[Records provided]:
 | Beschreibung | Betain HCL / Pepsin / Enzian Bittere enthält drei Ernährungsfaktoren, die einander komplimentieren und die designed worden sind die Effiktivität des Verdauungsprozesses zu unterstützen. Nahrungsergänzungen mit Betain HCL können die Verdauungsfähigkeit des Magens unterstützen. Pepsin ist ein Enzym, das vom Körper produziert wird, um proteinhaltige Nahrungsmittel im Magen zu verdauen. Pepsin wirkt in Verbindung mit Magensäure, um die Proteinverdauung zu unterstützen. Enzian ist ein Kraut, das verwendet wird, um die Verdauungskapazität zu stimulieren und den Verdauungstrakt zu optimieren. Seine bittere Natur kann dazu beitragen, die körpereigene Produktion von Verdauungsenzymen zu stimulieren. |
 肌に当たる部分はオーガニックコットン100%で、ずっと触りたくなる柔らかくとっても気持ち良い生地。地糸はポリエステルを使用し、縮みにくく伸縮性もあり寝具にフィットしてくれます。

--

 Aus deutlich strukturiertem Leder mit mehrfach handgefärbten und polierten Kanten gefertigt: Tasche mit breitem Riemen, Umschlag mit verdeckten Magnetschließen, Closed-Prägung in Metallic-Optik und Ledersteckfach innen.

...

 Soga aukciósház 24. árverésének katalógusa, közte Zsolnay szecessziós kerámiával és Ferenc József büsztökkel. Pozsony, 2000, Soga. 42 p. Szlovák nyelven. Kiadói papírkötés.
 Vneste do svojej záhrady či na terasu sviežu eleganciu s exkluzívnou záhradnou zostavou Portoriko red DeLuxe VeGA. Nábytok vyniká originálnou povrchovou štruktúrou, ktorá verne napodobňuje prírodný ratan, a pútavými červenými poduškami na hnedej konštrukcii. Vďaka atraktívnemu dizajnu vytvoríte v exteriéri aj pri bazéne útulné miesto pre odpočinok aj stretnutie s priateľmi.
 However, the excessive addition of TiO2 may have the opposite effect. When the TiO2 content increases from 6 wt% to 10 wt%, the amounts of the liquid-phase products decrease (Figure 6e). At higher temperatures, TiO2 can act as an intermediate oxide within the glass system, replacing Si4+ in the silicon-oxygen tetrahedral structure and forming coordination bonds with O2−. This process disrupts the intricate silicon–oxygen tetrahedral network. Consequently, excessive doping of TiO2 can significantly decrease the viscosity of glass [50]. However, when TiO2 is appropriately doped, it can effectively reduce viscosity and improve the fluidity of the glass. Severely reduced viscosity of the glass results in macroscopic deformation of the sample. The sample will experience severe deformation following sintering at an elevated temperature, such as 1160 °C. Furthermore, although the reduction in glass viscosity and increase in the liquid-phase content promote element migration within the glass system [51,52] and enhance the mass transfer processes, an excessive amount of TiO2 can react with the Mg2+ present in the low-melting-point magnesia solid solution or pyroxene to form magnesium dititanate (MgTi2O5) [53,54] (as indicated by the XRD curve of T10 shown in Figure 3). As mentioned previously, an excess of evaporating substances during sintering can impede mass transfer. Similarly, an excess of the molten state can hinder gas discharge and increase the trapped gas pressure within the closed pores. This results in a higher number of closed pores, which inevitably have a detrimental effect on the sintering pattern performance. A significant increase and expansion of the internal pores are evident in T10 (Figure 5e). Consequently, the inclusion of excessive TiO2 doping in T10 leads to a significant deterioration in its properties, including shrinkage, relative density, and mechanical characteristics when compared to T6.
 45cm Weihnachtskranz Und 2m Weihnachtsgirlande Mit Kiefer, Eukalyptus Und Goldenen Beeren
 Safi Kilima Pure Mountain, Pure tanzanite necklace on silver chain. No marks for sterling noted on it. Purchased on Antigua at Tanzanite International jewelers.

[Task description]:
The answer is the run of lines above from the line containing "zu stimulieren. |" through the line containing "肌に当たる部分はオーガニック", copied exactly and alone.

[Output of the exercise]:
 | Beschreibung | Betain HCL / Pepsin / Enzian Bittere enthält drei Ernährungsfaktoren, die einander komplimentieren und die designed worden sind die Effiktivität des Verdauungsprozesses zu unterstützen. Nahrungsergänzungen mit Betain HCL können die Verdauungsfähigkeit des Magens unterstützen. Pepsin ist ein Enzym, das vom Körper produziert wird, um proteinhaltige Nahrungsmittel im Magen zu verdauen. Pepsin wirkt in Verbindung mit Magensäure, um die Proteinverdauung zu unterstützen. Enzian ist ein Kraut, das verwendet wird, um die Verdauungskapazität zu stimulieren und den Verdauungstrakt zu optimieren. Seine bittere Natur kann dazu beitragen, die körpereigene Produktion von Verdauungsenzymen zu stimulieren. |
 肌に当たる部分はオーガニックコットン100%で、ずっと触りたくなる柔らかくとっても気持ち良い生地。地糸はポリエステルを使用し、縮みにくく伸縮性もあり寝具にフィットしてくれます。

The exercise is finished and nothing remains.